After the November election, President Obama’s executive order implementing parts of the so-called “Dream Act” was widely credited with shoring up his support within the Latino community. Less often noted was his Administration’s decision to exclude the “Dreamers” from the benefits afforded by the Affordable Care Act.
Last August, the Center for Medicare Services (CMS) issued an interim final regulation stating that individuals who benefitted from the President’s program, more formally known as “Deferred Action for Childhood Arrivals” or DACA, would not be considered “lawfully present” for purposes of eligibility to health benefits established by the Affordable Care Act, including the Pre-Existing Condition Insurance Plan and the subsidies and credits that will be available in 2014 to purchase insurance through the health insurance exchanges. Pre-Existing Condition Insurance Plan Program, 77 Fed. Reg. 52614-01 (Aug. 30, 2012) (to be codified 45 C.F.R. § 152.2), http://www.gpo.gov/fdsys/pkg/FR-2012-08-30/html/2012-21519.htm.
The impact of this little noticed determination is quite significant. Although most of the estimated 1.7 million DACA immigrants are healthy, because of their age (under 30), many lack access to employer-provided health insurance. Moreover, if as expected, employers begin to shift their health insurance programs to the ACA-created exchanges, DACA immigrants may find themselves barred from employer-provided plans, even though under the President’s executive order they have a legal right to work in the United States.

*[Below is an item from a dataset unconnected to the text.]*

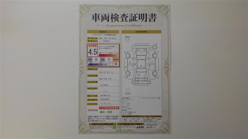 | 保証内容※1 | 保証付:ロングラン保証1年<走行距離無制限> +ハイブリッド保証<保証期間は初度登録年月から10年目まで、もしくは3年間のいずれか長い方。但し走行距離20万キロまで> |

The insurance gap created by CMS’ determination that the DACA immigrants are not “lawfully present” in the U.S., a decision that is inconsistent with the Administration’s conclusion that other deferred action recipients are eligible for benefits established under the ACA, illuminates the critical relationship between immigration policy and health policy. To a surprising degree, the health insurance access problem in the U.S. results from laws that bar immigrants (including many with Green Cards) from many government-supported health insurance programs, including Medicaid. In 2010, over 45 % of non-citizens were uninsured, as compared to less than 14 % of native-born Americans. Approximately 65 % of undocumented immigrants are believed to lack health insurance. The ACA is unlikely to reduce those rates, especially regarding undocumented immigrants. Neither, it is now seems, is DACA.